Former Iowa webcam-abortion clinic now pro-life health center

By Roger Drinnon

CRESTON, Iowa — Local church and community members celebrated during the dedication of a pro-life pregnancy and women’s health resource center here Aug. 15 — the result of community efforts to repurpose a former Planned Parenthood facility known for conducting controversial telemedicine “webcam” abortions.

From left, Sweet Rose and Arnie Suan chat with Barb Erickson in the boutique of donated baby clothes and supplies during an Aug. 15 tour of the newly-opened Iowa Life Care Clinic in Creston, Iowa. The clinic opened out of a former Planned Parenthood facility once known for its controversial “telemedicine” abortions. (LCMS/Erik M. Lunsford)

From left, Sweet Rose and Arnie Suan chat with Barb Erickson in the boutique of donated baby clothes and supplies during an Aug. 15 tour of the newly-opened Iowa Life Care Clinic in Creston, Iowa. The clinic opened out of a former Planned Parenthood facility once known for its controversial “telemedicine” abortions. (LCMS/Erik M. Lunsford)

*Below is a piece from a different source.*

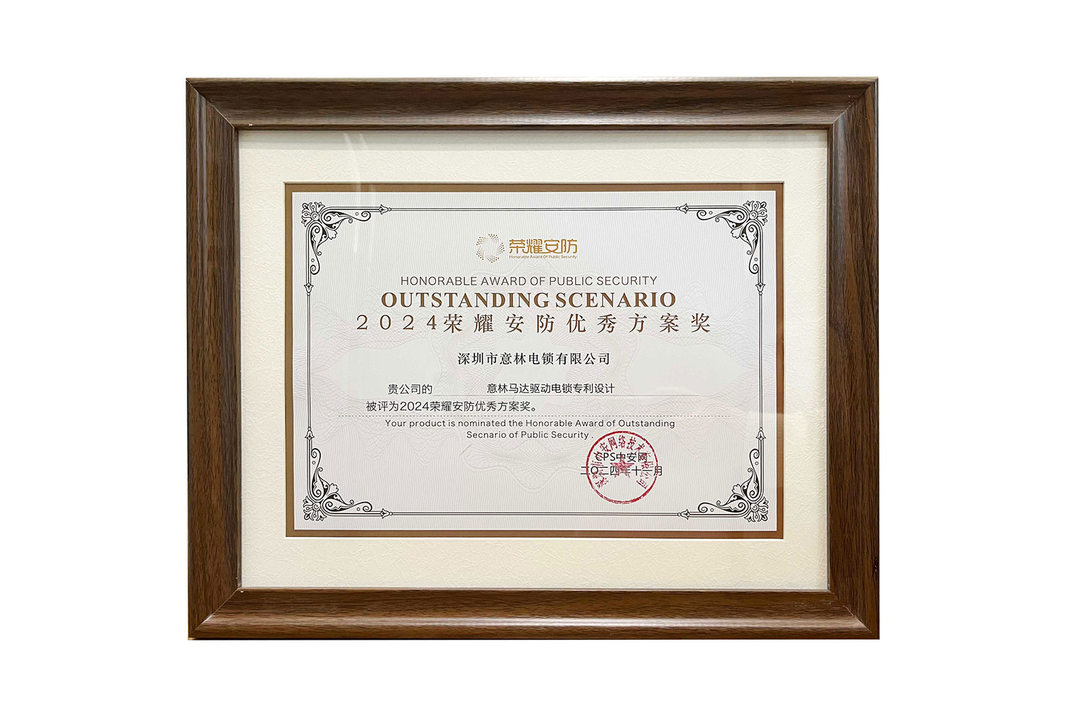 2024年度意林馬達(dá)驅(qū)動電鎖專利設(shè)計榮登 “榮耀安防2024榜單”

Until Planned Parenthood announced the closing of its Creston satellite clinic last year, local women experiencing unplanned pregnancies were offered controversial telemedicine abortions there. The process, also called “webcam” abortion, involves a doctor seeing the patient only by remote video teleconference. If the patient agrees, the doctor remotely dispenses two abortion medications. The first medication, reportedly the abortion pill RU-486, must be taken by the patient during the video teleconference. The second medication, such as misoprostol or Cytotec, is taken by the patient later (even at home), after which the aborted baby is delivered.

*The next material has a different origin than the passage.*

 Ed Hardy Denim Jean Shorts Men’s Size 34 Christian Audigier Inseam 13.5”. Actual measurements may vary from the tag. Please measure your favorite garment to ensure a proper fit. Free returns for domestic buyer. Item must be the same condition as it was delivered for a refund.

Upon learning about this practice, pro-life members of the community came together to pray for the Planned Parenthood clinic’s staff, the unborn and also for women experiencing unplanned pregnancies.  

“During Lent of 2014, the community sponsored a ‘40 Days for Life’ prayer vigil at the Creston [Planned Parenthood] clinic,” said the Rev. Jonathan Watt, pastor of nearby Trinity Evangelical Lutheran Church. “It was well-attended. We prayed for the workers and that God would intervene to save the lives of the children who would be killed by the ‘telemed’ procedure.”

Watt, who has been pastor at Trinity for seven years and who is the life coordinator for the LCMS Iowa District West, said at one point he and other attendees somewhat jokingly discussed establishing a pro-life clinic, if the Planned Parenthood clinic closed — “jokingly” only because it seemed like an extremely unlikely event.

“We didn’t realize at the time that God would answer our prayers by doing that very thing. After the clinic was closed, the community formed a committee to explore the possibility of opening a [pro-life] crisis-pregnancy center in Creston,” said Watt.

Community members asked Watt to chair the committee. He said that after the committee researched alternatives, members ultimately asked the Iowa Life Care (LC) Clinic in nearby Stuart, Iowa, to open a satellite clinic in Creston. He said it made sense to the committee to capitalize on an existing pro-life clinic with established infrastructure and services.

In response to the community’s plans, a former manager of the Creston Planned Parenthood clinic penned a scathing commentary published in the Creston newspaper in March, alleging the new pro-life clinic would be biased and that it would not provide appropriate care. Despite the negative press, the Creston clinic opened in July as a second Iowa LC Clinic — an extension of the Stuart clinic established just a few years earlier.

“The Stuart clinic opened about three-and-a-half years ago,” said Ruth Fennessey, executive director of both clinics who, as a registered nurse, also serves as nurse manager. “But prior to that, it took about two years to get [the Stuart clinic] open.”

Fennessey said the Stuart clinic came about after a “ministerial alliance” banded together from area churches in response to a local rise in teen pregnancies. In response to a growing need for an alternative to Planned Parenthood services, she said she helped research other pregnancy centers as a benchmark, and fundraising began not long after.

Both nonprofit clinics are funded by donations from individuals, churches and business sponsors.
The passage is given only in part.